Wildlife Tech Class of 2018
High School for Environmental Studies
Mentor: Chris Nagy (MRG)
Project: Using count (N-mixture) models to model habitat and socioeconomic factors as predictors of coyote site use in NYC
Project Status: Completed
Coyotes have now colonized several parks in the borough of the Bronx, the only mainland portion of NYC, and are poised to make their way onto Long Island. Researchers and managers are interested in finding patterns of habitat use that could be used to predict where coyotes will ultimately flourish in NYC and, eventually, Long Island. However, prior habitat modeling on the NYC population has failed to find any meaningful habitat-site occupancy patterns based on detection/nondetection data from camera traps. In this study, I analyzed the relationship between coyote photographs and potential habitat and socioeconomic explanatory variables using count based (N-mixture) models, where the number of coyote observations from a camera in a 4-week period was considered a discrete count. In this case, rather than estimating abundance, lambda was interpreted as an index of site use or use intensity and might provide a more granular measure of habitat suitability. Habitat and geographic variables I tested were canopy cover, forest, patch size, and total habitat Socioeconomic variables included vacancy, population density, housing density, and mean income. I also included two categorical variables: “season” (pup-rearing” or “non-pup-rearing”) and “Bronx”. Overdispersion and variability of counts within and among sites were all high (c-hat = 1.55) leading to a wide range of site-specific detection histories without any clear correlations between estimated detection rate and any of the predictor variables.
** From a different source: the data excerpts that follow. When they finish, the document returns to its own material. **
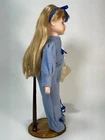 Vintage Porcelain Doll in Footed Baby Blue Onesie Pajamas with Teddy Bear She has blue pajamas on with a brown teddy bear Bow headband in hair Easy to hand wash Stand is adjustable Super unique and rare!! Collectible Comes with metal/wooden stand! Hand made in China Height/length: 16.5” on stand Arm to arm: 10.5” Stand base diameter: 5” #vintagedoll #vintageporcelaindoll #teddybeardoll #porcelaingirldoll #vintageporcelaingirldoll #porcelainpajamadoll #porcelaindoll #handmadedoll #handmadeporcelaindoll #american #americanclassic #americanclassicdoll
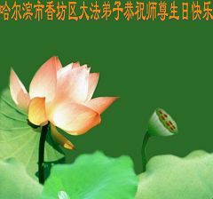 慈悲伟大的师尊,在您生日来临之际,我们每一位大法弟子祝愿我们慈悲伟大的师尊生日快乐,决不辜负师尊的慈悲苦度,一定理智、智慧的做好大法弟子应该做的三件事,让师尊少一些操劳。 大法弟子30人(签名略) 哈尔滨市平房区全体大法弟子恭祝伟大师尊生日快乐
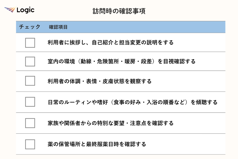 訪問時の確認事項
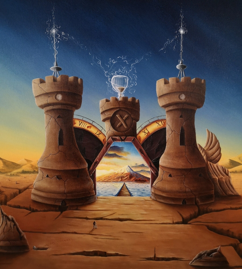surrealizmfantastykarealizm magicznynadrealizmPejzaż fantastycznyczasZegarklepsydraportalportal czasupejzażKrajobrazzachód słońcagóryMalarstwoobrazSztuka Współczesnaakryl
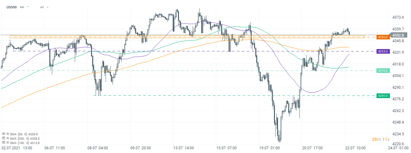 Tymczasem kontrakty futures na amerykańskie indeksy sugerują dodatnie otwarcie tamtejszej sesji kasowej. US500 zdołał już powrócić powyżej poziomu 4350 punktów, który może obecnie pełnić rolę pierwszego wsparcia. Reakcja rynku po "claimsach" jest lekko negatywna. Indeks zbliżył się do wspomnianego wsparcia.
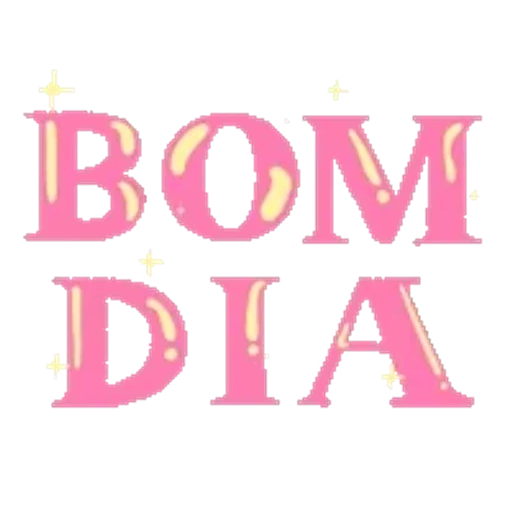 Um sticker com o texto 'BOM DIA' em letras grandes e rosadas, com detalhes em dourado e pequenos pontos brilhantes ao redor.
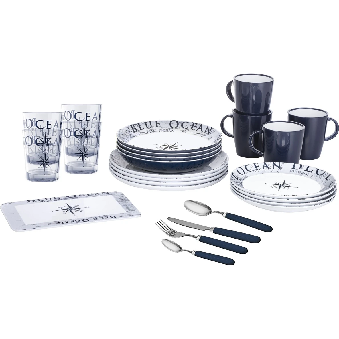 Sada All Inclusive Blue Oceanod značky Brunner obsahuje kompletní výbavu do kempu. Sada se skládá z 36 kusů nádobí a příborů, a je vhodná pro 4 osoby. V kempu jistě oceníte zvýšenou odolnost díky Melaminu. Tento materiál je odolný vůči nárazům, snadno se čistí, odolný vůči teplu a vlhkosti, bez zápachu a chuti a je šetrný k životnímu prostředí. Nádobí lze vložit do mrazničky i do myčky.
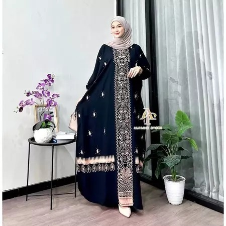 CUNDA KAFTAN-ABAYA GAMIS KAFTAN WANITA MOTIF MECCA BUSUI FRENDLY RAYON PREMIUM ADEM TEBAL NYAMAN
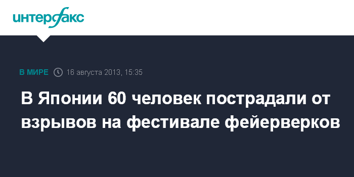 Токио. 16 августа. INTERFAX.RU - Не меньше 60 человек получили ранения в японской префектуре Киото на острове Хонсю после того, как на смотровой площадке, подготовленной для наблюдения за фестивалем фейерверков, произошло несколько взрывов, сообщает в пятницу японский телеканал NHK.
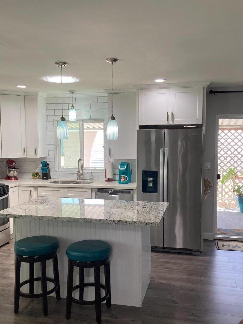 Welcome to this beautifully maintained exclusive gated community. Located in the prestigious 55+ 45 senior mobile home community of Lakeshore Gardens. Exceptional amenities, including a beautiful pool, hot sauna, fully equipped gym and welcoming clubhouse. Actives galore, community gatherings, always a card game or classes. Also enjoy ping pong, billiards, bocce ball and shuffleboard or walk the lake viewing the ducks and turtles. Convenience is key with this home, as it's located directly across the street from a bustling shopping complex, with grocery store to specialty food stores and fantastic dining options. enjoying the beauty of the ocean just a short walk or bike ride away, minutes drive from charming downtown Carlsbad village. Don't miss the chance to make this coastal gem yours! This 2020 remodeled mobile home is just 1500 feet from the Pacific Ocean. It features drywalled with crown molding, luxury vinyl plank flooring, new carpet, paint inside & out, new central heating system, new kitchen with all new white Shaker cabinets, new appliances, LG Wi-Fi washtower, LUXE bidet. 4 new fans, 4 Solatubes skylights, dual pane windows throughout, 2022 new composition roof, new front stairs, secret garden with the ocean breeze and a retractable rear deck awning. $2,525- RENT.
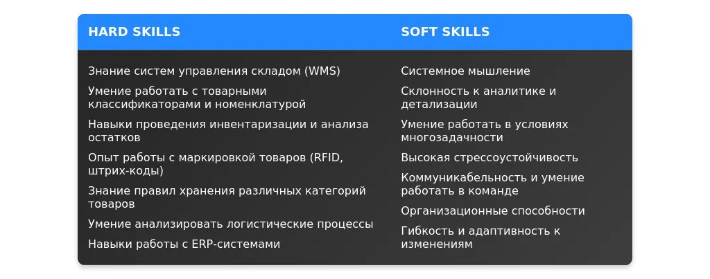 - Перечень актуальных навыков и требований для товароведа склада;

For use intensity, there was a strong positive correlation between use and the “Bronx” variable, where Bronx sites had much higher predicted use scores. Also, winter had higher use scores than summer overall. Model-averaged predictions indicated that of the sites tested, both the Bronx and Queens had suitable environments, and coyote use intensity depended primarily on accessibility on a landscape scale and not individual site quality.